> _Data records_
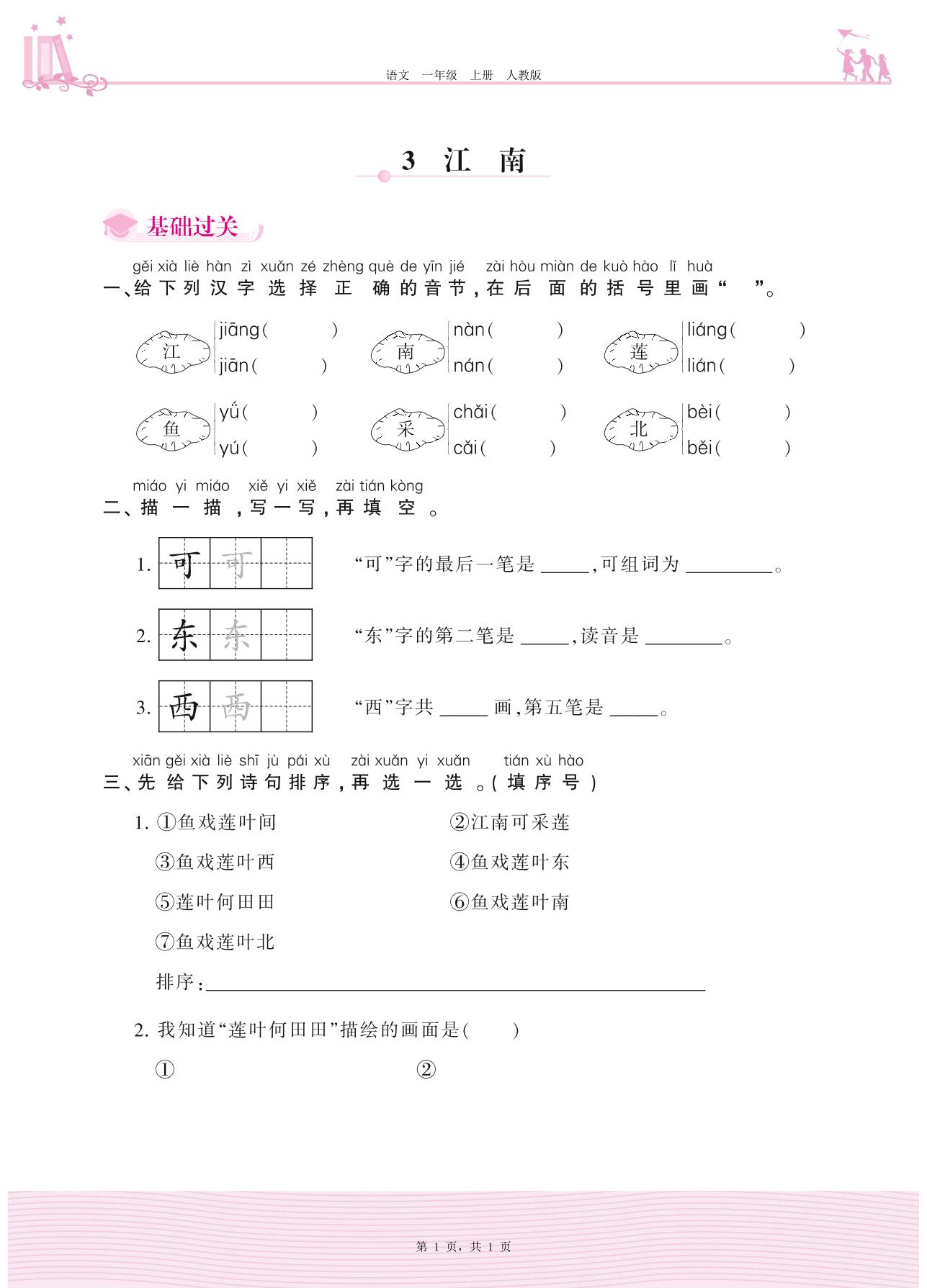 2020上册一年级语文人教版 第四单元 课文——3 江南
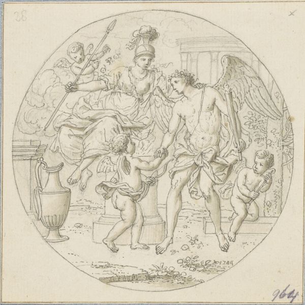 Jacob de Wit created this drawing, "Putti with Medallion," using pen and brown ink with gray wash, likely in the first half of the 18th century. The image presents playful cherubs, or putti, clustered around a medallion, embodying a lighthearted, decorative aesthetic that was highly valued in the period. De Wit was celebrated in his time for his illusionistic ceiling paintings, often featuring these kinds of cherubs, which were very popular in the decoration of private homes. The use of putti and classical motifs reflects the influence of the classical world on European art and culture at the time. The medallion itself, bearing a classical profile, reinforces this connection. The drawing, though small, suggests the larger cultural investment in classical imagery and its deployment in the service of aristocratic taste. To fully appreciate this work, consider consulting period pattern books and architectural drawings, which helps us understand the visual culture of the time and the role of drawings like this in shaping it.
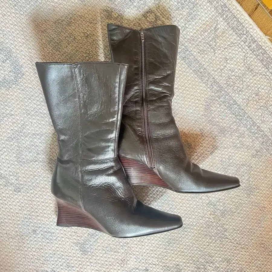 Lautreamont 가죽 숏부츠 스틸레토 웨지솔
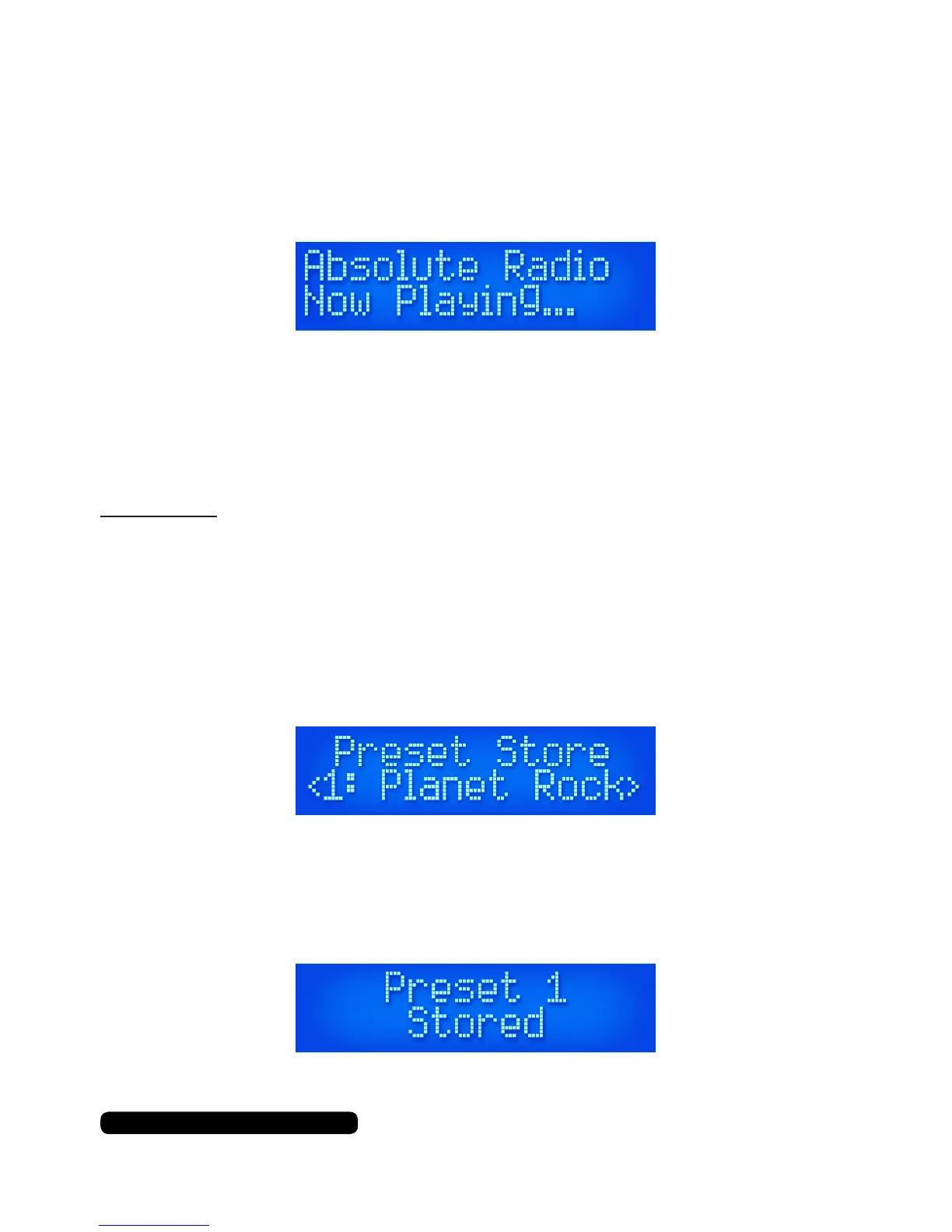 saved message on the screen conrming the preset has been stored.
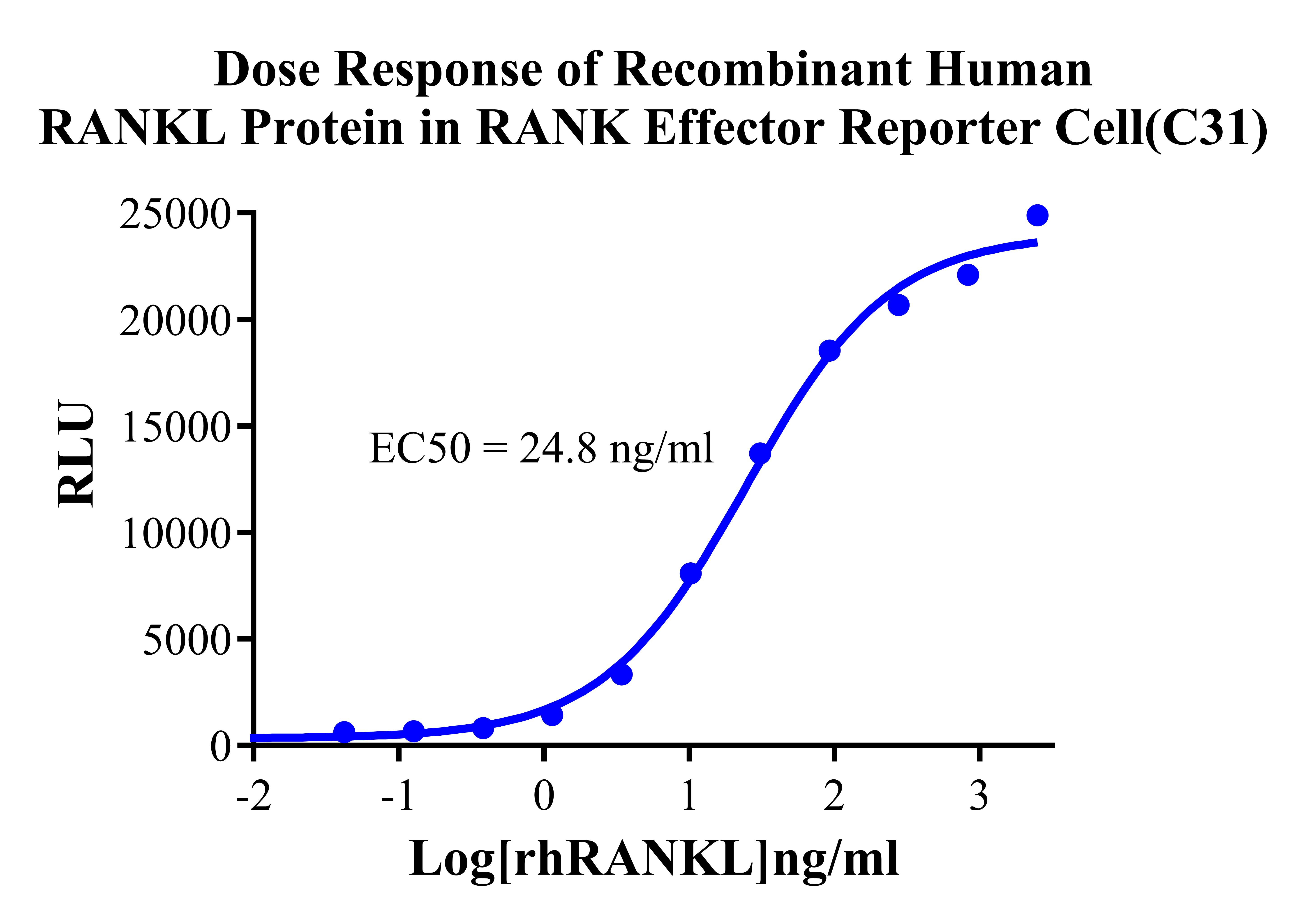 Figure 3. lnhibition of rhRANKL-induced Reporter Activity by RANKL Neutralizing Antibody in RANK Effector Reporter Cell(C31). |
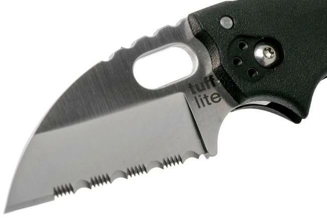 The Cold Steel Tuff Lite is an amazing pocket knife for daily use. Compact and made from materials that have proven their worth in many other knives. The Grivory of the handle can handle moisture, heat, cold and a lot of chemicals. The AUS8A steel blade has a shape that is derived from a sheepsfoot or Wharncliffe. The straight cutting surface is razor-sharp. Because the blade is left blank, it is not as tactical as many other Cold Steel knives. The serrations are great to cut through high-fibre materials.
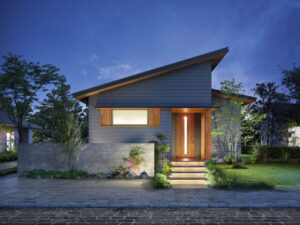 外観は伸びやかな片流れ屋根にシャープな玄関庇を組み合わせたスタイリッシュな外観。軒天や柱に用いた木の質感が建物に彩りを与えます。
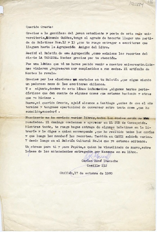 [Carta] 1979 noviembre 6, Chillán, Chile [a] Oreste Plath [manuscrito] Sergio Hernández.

> _About this task_
Keep the pictures out of your answer, which should be the lines from the one with "Figure 3. lnhibition" through the final line of the data, copied exactly.

> _Answer to this exercise_
 Figure 3. lnhibition of rhRANKL-induced Reporter Activity by RANKL Neutralizing Antibody in RANK Effector Reporter Cell(C31). |
 The Cold Steel Tuff Lite is an amazing pocket knife for daily use. Compact and made from materials that have proven their worth in many other knives. The Grivory of the handle can handle moisture, heat, cold and a lot of chemicals. The AUS8A steel blade has a shape that is derived from a sheepsfoot or Wharncliffe. The straight cutting surface is razor-sharp. Because the blade is left blank, it is not as tactical as many other Cold Steel knives. The serrations are great to cut through high-fibre materials.
 外観は伸びやかな片流れ屋根にシャープな玄関庇を組み合わせたスタイリッシュな外観。軒天や柱に用いた木の質感が建物に彩りを与えます。
 [Carta] 1979 noviembre 6, Chillán, Chile [a] Oreste Plath [manuscrito] Sergio Hernández.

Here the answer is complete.